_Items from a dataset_
□ □ □ □ □

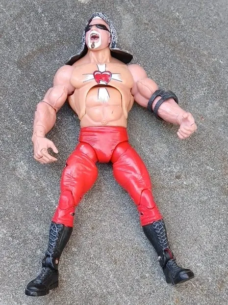 This action figure is wearing red pants and black boots. It has a silver chain-like headpiece and black arm bands. The chest has a red heart with wings design. It's a collectible toy.
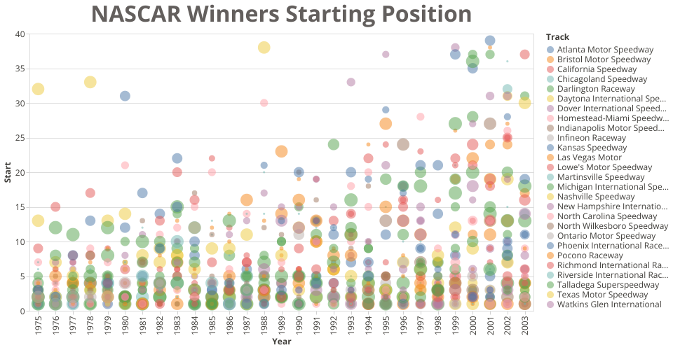 This scatterplot is an expansion upon a previous viz I created that shows NASCAR winners by starting position, split by year. That viz was very simple in that the points were all the same color, and the same size. Thus, this plot colors the points by the track name, and sizes them by the track length. This provides the viewer with an opportunity to look for patterns, particularly among tracks and track types. For example, one may notice that the larger dots (such as the 2.66 mile Talladega Superspeedway) produce a lot more winners from further back in the field than short tracks like the .526 mile long Martinsville Speedway where passing is harder. This data comes from a rendition of the NASCAR dataset, which spans from 1975 to 2003.
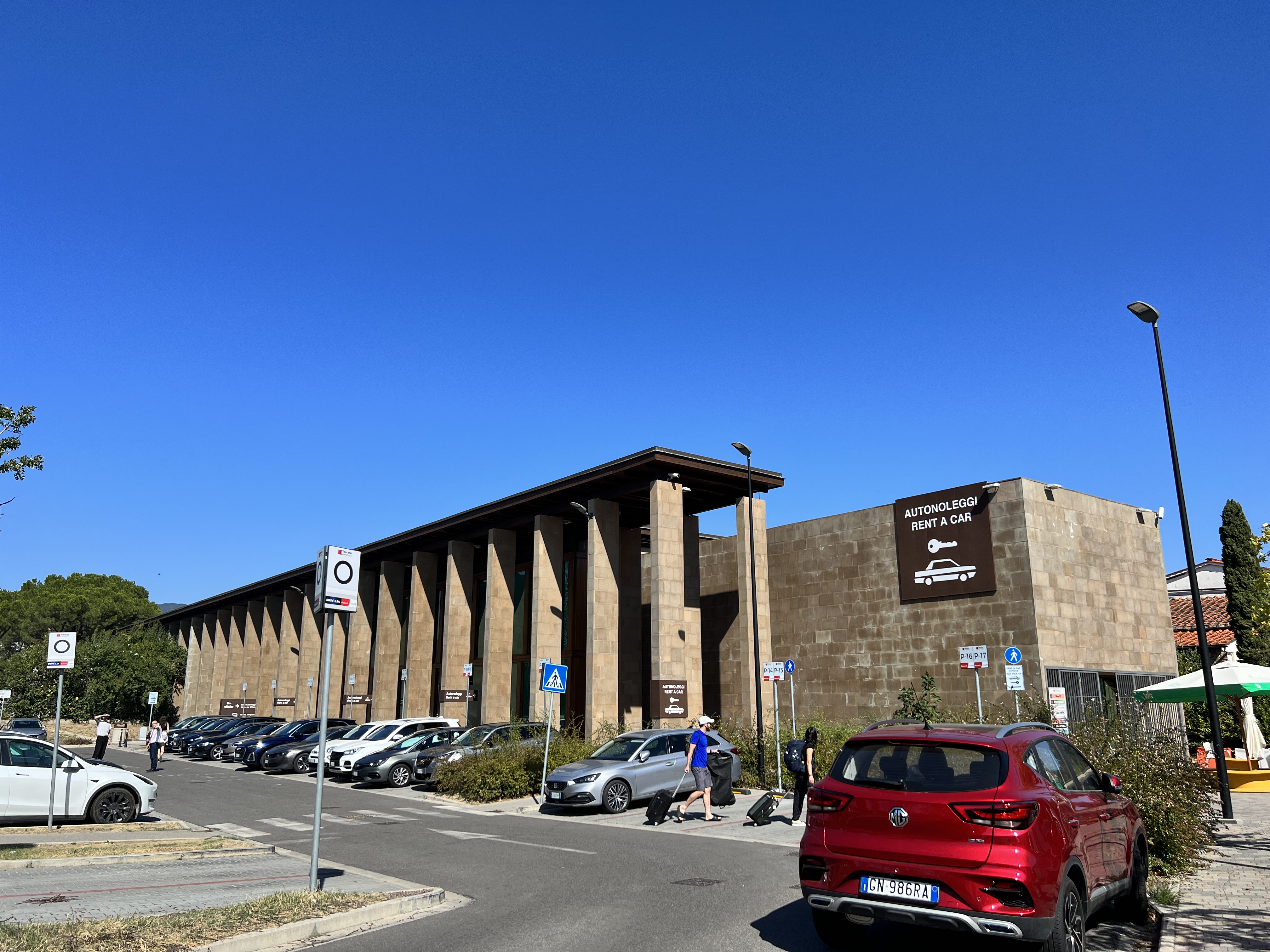 나중에 알고 보니 피렌체 공항도 짐 분실로 악명이 높단다. 같은 비행기를 탔던 짐 분실을 한 사람들 얘기를 들어보니 자기 가방에 gps가 달려 있는데 자기 짐이 피렌체 공항에 있는 걸로 나온다고 했다. 그래도 이미 나와버린 이상 들어가서 찾을 방법이 없다고 하며 내일이나 모레 다시 오면 된다고 하는 걸 엿들었고 우리 짐도 피렌체 공항에 있을 것 같다는 생각을 하며 피렌체 공항 렌터카 구역으로 향했다. 렌터카 구역은 공항에서 제법 떨어져 있어 셔틀이 운행된다. 걸어서는 10분 거리이긴 한데 자동차전용도로에 가까운 길을 위험하게 걸어가야 하기 때문에 셔틀버스 이용을 추천한다.
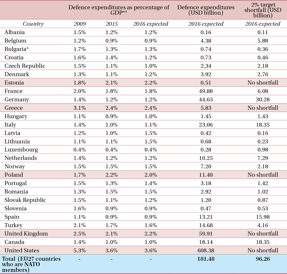 Σημειώνεται ότι το ΝΑΤΟ προβλέπει ότι οι χώρες που συμμετέχουν στη Συμμαχίαθα αυξήσουν τις δαπάνες για την Άμυνα μέσα στο 2016, κυρίως λόγω της προσφυγικής κρίσης και των ανησυχιών για μία πιθανή ρωσική απειλή.
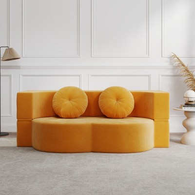 78.7" Orange Modern Convertible Floor Sofa Bed with Round Pillows, Plush Corduroy Sleeper for Small Spaces and Guest Rooms -3irtyhousy
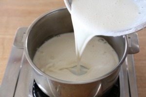 - 豆乳を鍋に入れ温めます。
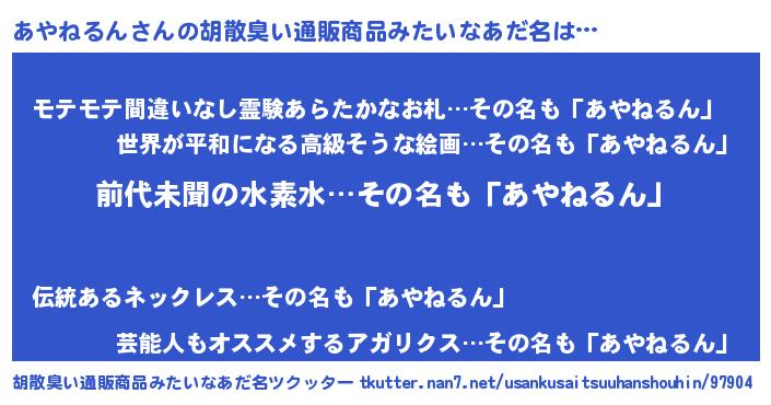 | ヒーロー風カッコイイあだ名 | 『ネオアヤネルン』『スーパーアヤネルン』 |
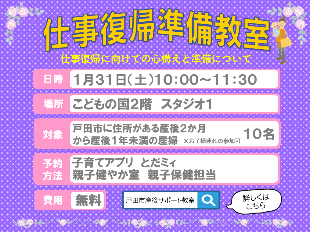 🌈1月31日(土)開催「🤱🏻産婦向け仕事復帰準備教室✍」の講座をご紹介します🌈
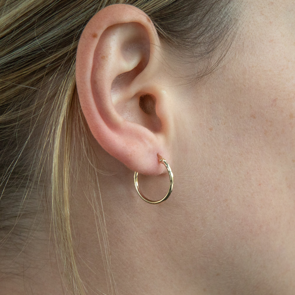 9ct Yellow Gold Double Side Diamond Cut 15mm Hoop Earrings

□ □ □ □ □

Your reply should consist only of the lines running from the line with "This scatterplot is" to the end of the entries, both included, copied exactly and without any pictures.

_ANSWER FOR THIS EXERCISE_
 This scatterplot is an expansion upon a previous viz I created that shows NASCAR winners by starting position, split by year. That viz was very simple in that the points were all the same color, and the same size. Thus, this plot colors the points by the track name, and sizes them by the track length. This provides the viewer with an opportunity to look for patterns, particularly among tracks and track types. For example, one may notice that the larger dots (such as the 2.66 mile Talladega Superspeedway) produce a lot more winners from further back in the field than short tracks like the .526 mile long Martinsville Speedway where passing is harder. This data comes from a rendition of the NASCAR dataset, which spans from 1975 to 2003.
 나중에 알고 보니 피렌체 공항도 짐 분실로 악명이 높단다. 같은 비행기를 탔던 짐 분실을 한 사람들 얘기를 들어보니 자기 가방에 gps가 달려 있는데 자기 짐이 피렌체 공항에 있는 걸로 나온다고 했다. 그래도 이미 나와버린 이상 들어가서 찾을 방법이 없다고 하며 내일이나 모레 다시 오면 된다고 하는 걸 엿들었고 우리 짐도 피렌체 공항에 있을 것 같다는 생각을 하며 피렌체 공항 렌터카 구역으로 향했다. 렌터카 구역은 공항에서 제법 떨어져 있어 셔틀이 운행된다. 걸어서는 10분 거리이긴 한데 자동차전용도로에 가까운 길을 위험하게 걸어가야 하기 때문에 셔틀버스 이용을 추천한다.
 Σημειώνεται ότι το ΝΑΤΟ προβλέπει ότι οι χώρες που συμμετέχουν στη Συμμαχίαθα αυξήσουν τις δαπάνες για την Άμυνα μέσα στο 2016, κυρίως λόγω της προσφυγικής κρίσης και των ανησυχιών για μία πιθανή ρωσική απειλή.
 78.7" Orange Modern Convertible Floor Sofa Bed with Round Pillows, Plush Corduroy Sleeper for Small Spaces and Guest Rooms -3irtyhousy
 - 豆乳を鍋に入れ温めます。
 | ヒーロー風カッコイイあだ名 | 『ネオアヤネルン』『スーパーアヤネルン』 |
 🌈1月31日(土)開催「🤱🏻産婦向け仕事復帰準備教室✍」の講座をご紹介します🌈
 9ct Yellow Gold Double Side Diamond Cut 15mm Hoop Earrings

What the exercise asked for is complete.